[PATCH v9 2/3] PCI: Add tango PCIe host bridge support

Tue Jul 4 07:27:58 PDT 2017

On Tue, Jul 04, 2017 at 03:08:43PM +0200, Mason wrote:
> On 04/07/2017 09:09, Peter Zijlstra wrote:
> 
> > On Mon, Jul 03, 2017 at 05:30:28PM +0200, Marc Gonzalez wrote:
> > 
> >> And at the end of smp8759_config_read:
> >>
> >> 	printk("in_atomic_preempt_off = %d\n", in_atomic_preempt_off());
> > 
> > That's confused...
> 
> That much is certain. I am indeed grasping at straws.
> 
> I grepped "scheduling while atomic", found __schedule_bug()
> in kernel/sched/core.c and saw
> 
> 	if (IS_ENABLED(CONFIG_DEBUG_PREEMPT) && in_atomic_preempt_off()) {
> 		pr_err("Preemption disabled at:");
> 		print_ip_sym(preempt_disable_ip);
> 		pr_cont("\n");
> 	}
> 
> I thought printing the value of in_atomic_preempt_off()
> in the callback would indicate whether preemption had
> already been turned off at that point.

in_atomic_preempt_off() is a 'weird' construct. It basically checks to
see if preempt_count != 1. So calling it while holding a single preempt,
will return false (like in your case).

> It doesn't work like that?

Not really, you want to just print preempt_count.

> BTW, why didn't print_ip_sym(preempt_disable_ip); say
> where preemption had been disabled?

It does, but it might be non-obvious.
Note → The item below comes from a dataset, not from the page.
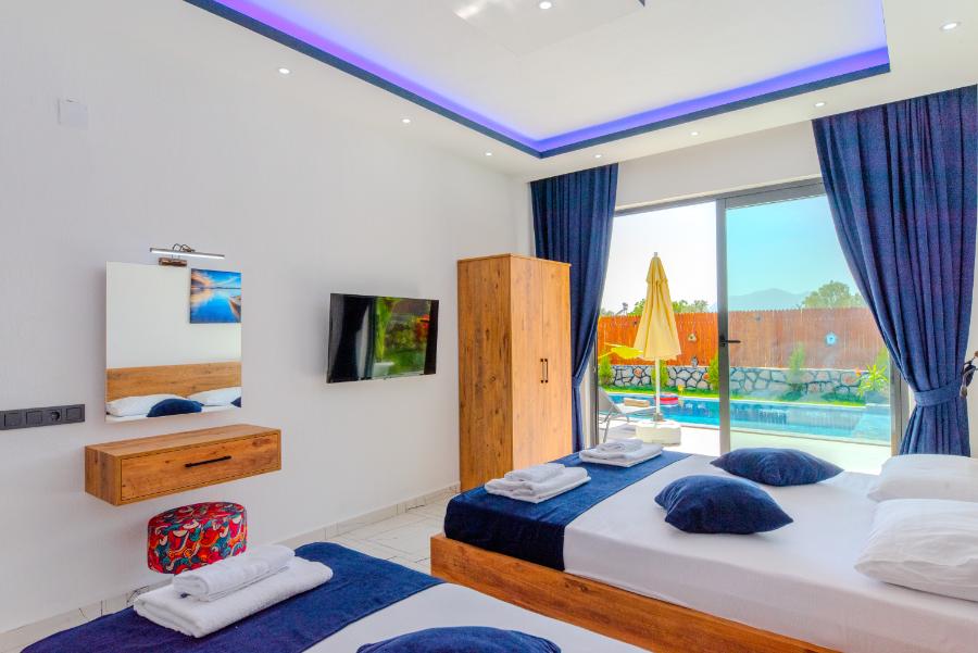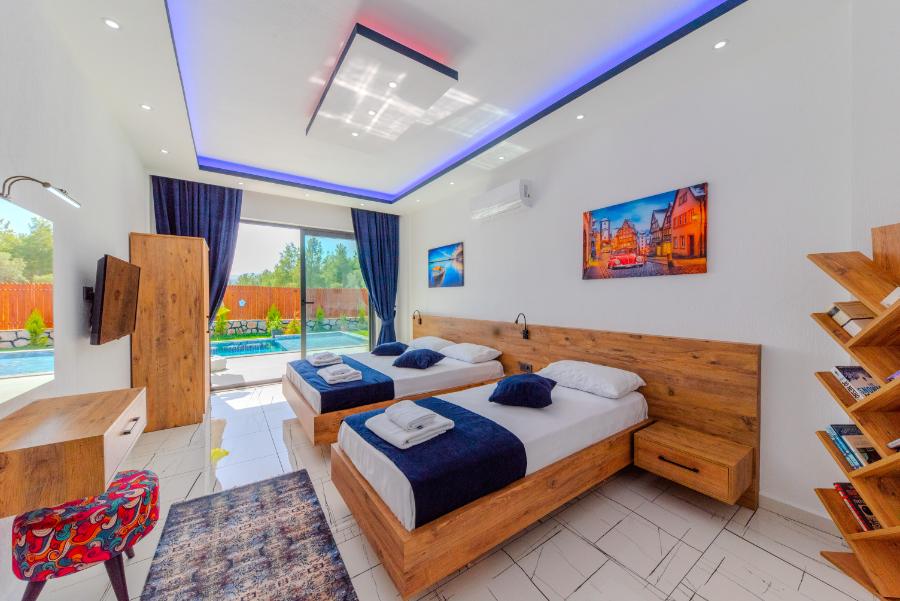 2. Yatak Odası: 2 tek kişilik yatak, 1 çift kişilik yatak, klima, banyo,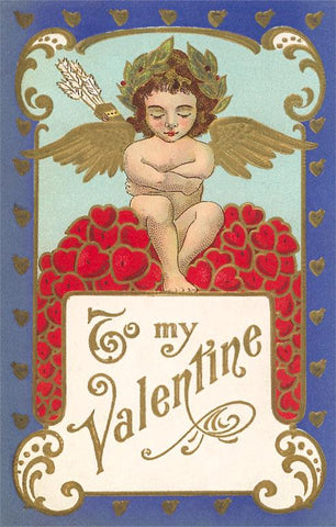 VL-56 To My Valentine, Cupid Sitting on Hearts - Vintage Image

We only store the first 0->!0
transition IP in there.

So if you have chains like:

	preempt_disable();		// 0 -> 1
	spin_lock();			// 1 -> 2
	preempt_enable();		// 2 -> 1
	preempt_disable();		// 1 -> 2
	spin_unlock();			// 2 -> 1

	mutex_lock();
	  might_sleep();		*SPLAT* report the IP of 0 -> 1

	preempt_enable():		// 1 -> 0

That IP might not even be part of the current callchain.

> >> [    1.026568] BUG: scheduling while atomic: swapper/0/1/0x00000002
> >> [    1.032625] 5 locks held by swapper/0/1:
> >> [    1.036575]  #0:  (&dev->mutex){......}, at: [<c038c684>] __driver_attach+0x50/0xd0
> >> [    1.044319]  #1:  (&dev->mutex){......}, at: [<c038c694>] __driver_attach+0x60/0xd0
> >> [    1.052050]  #2:  (pci_lock){+.+...}, at: [<c03309d8>] pci_bus_read_config_dword+0x44/0x94
> > 
> > This is a raw_spinlock_t, that disables preemption
> 
> drivers/pci/access.c
> 
> /*
>  * This interrupt-safe spinlock protects all accesses to PCI
>  * configuration space.
>  */
> DEFINE_RAW_SPINLOCK(pci_lock);
> 
> 
> 	raw_spin_lock_irqsave(&pci_lock, flags);
> 	res = bus->ops->read(bus, devfn, pos, len, &data);
> 
> 
> IIUC, it's not possible to call stop_machine() while holding
> a raw spinlock?

Correct. You cannot call blocking primitives while holding a spinlock.

> What about regular spinlocks? IIUC, in RT,
> regular spinlocks may sleep?

Still not, your code should not depend on CONFIG_PREEMPT*.

> I didn't find "preempt" or "schedul" in the spinlock doc.
> https://www.kernel.org/doc/Documentation/locking/spinlocks.txt

Correct... as per usual the documentation is somewhat terse.

But once you think about it, its 'obvious' a spinlock needs to disable
preemption. If you don't you get into heaps of trouble (one of the
reasons userspace spinlocks are an absolute trainwreck).

> > Using stop_machine() is per definition doing it wrong ;-)
> 
> Here's the high-level view. My HW is borked and muxes
> config space and mem space. So I need a way to freeze
> the entire system, make the config space access, and
> then return the system to normal. (AFAICT, config space
> accesses are rare, so if I kill performance for these
> accesses, the system might remain usable.)
> 
> Is there a way to do this? Mark suggested stop_machine
> but it seems using it in my situation is not quite
> straight-forward.

*groan*... so yeah, broken hardware demands crazy stuff... stop machine
is tricky here because I'm not sure we can demand all PCI accessors to
allow sleeping.

And given that PCI lock is irqsave, we can't even assume IRQs are
enabled.

Does your platform have NMIs? If so, you can do yuck things like the
kgdb sync. NMI IPI all other CPUs and have them spin-wait on your state.

Then be careful not to deadlock when two CPUs do that concurrently.